Set down, please, exactly the lines below that run from the line with "Носили так же" to the line with "La programación vinculada", both lines included.

Input data:

★ ★ ★

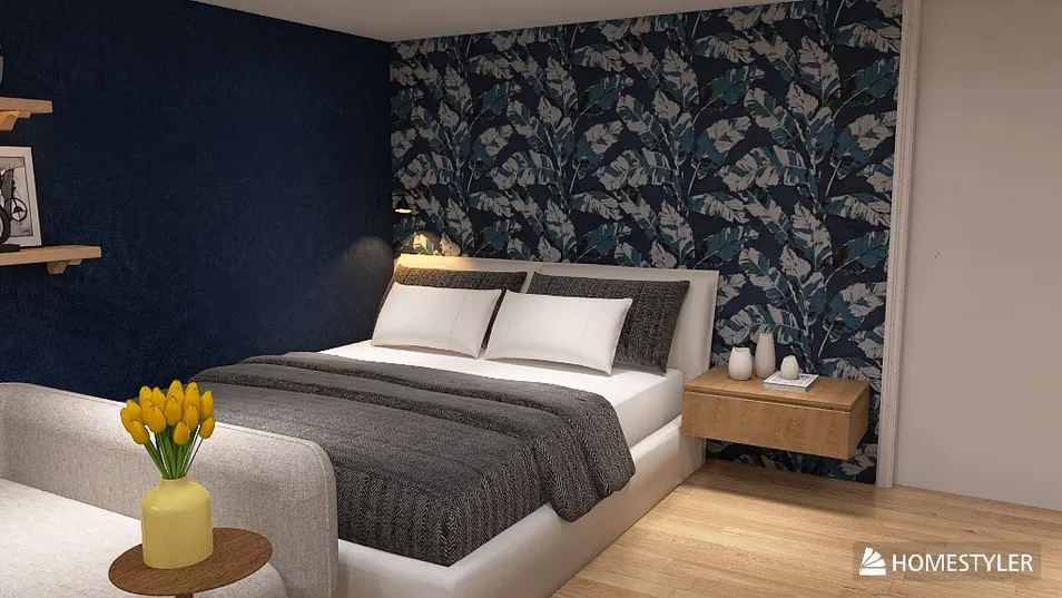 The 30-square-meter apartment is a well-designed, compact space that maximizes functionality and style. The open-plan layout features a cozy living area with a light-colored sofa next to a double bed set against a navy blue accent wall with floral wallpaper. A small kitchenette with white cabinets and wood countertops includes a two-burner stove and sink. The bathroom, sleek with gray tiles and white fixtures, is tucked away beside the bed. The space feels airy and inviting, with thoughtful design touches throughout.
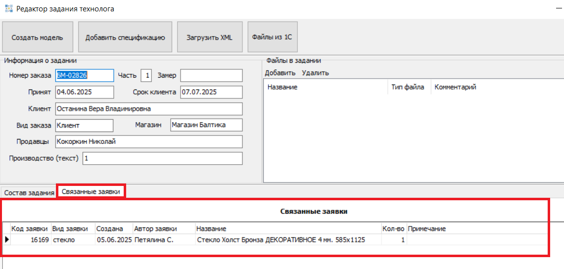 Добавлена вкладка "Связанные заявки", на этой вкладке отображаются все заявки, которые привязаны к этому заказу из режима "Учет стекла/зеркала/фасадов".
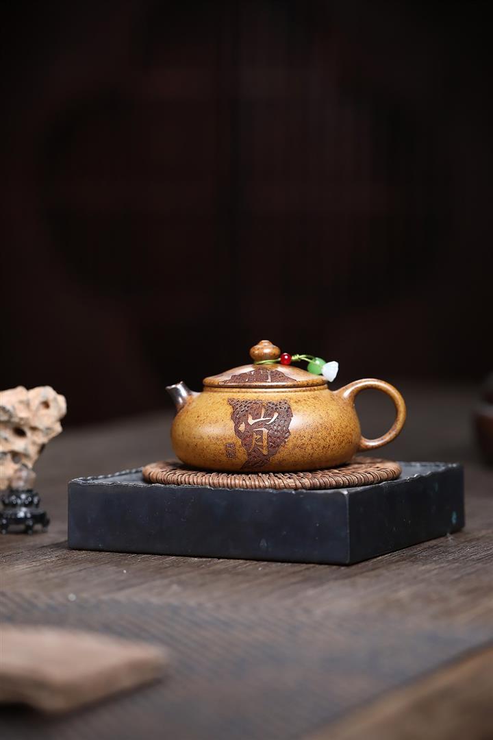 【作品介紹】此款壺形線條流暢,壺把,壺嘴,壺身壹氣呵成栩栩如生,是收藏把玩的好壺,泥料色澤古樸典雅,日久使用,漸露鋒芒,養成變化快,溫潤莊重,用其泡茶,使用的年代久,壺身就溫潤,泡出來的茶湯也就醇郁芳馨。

★ ★ ★

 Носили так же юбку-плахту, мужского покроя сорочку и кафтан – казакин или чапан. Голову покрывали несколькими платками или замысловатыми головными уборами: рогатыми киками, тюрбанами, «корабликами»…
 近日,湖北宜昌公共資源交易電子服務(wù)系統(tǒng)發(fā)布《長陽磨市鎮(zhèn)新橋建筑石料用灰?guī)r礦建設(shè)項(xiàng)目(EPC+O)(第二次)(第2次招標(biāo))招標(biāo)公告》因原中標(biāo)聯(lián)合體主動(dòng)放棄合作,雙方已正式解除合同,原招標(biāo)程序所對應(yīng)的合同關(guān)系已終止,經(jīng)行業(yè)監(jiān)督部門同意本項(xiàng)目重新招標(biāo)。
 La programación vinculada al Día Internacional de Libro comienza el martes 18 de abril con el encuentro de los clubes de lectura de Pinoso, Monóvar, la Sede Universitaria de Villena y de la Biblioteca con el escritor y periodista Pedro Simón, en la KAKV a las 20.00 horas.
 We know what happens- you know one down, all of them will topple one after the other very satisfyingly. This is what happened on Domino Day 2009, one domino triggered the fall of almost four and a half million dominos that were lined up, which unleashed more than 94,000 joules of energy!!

★ ★ ★

Task output:
 Носили так же юбку-плахту, мужского покроя сорочку и кафтан – казакин или чапан. Голову покрывали несколькими платками или замысловатыми головными уборами: рогатыми киками, тюрбанами, «корабликами»…
 近日,湖北宜昌公共資源交易電子服務(wù)系統(tǒng)發(fā)布《長陽磨市鎮(zhèn)新橋建筑石料用灰?guī)r礦建設(shè)項(xiàng)目(EPC+O)(第二次)(第2次招標(biāo))招標(biāo)公告》因原中標(biāo)聯(lián)合體主動(dòng)放棄合作,雙方已正式解除合同,原招標(biāo)程序所對應(yīng)的合同關(guān)系已終止,經(jīng)行業(yè)監(jiān)督部門同意本項(xiàng)目重新招標(biāo)。
 La programación vinculada al Día Internacional de Libro comienza el martes 18 de abril con el encuentro de los clubes de lectura de Pinoso, Monóvar, la Sede Universitaria de Villena y de la Biblioteca con el escritor y periodista Pedro Simón, en la KAKV a las 20.00 horas.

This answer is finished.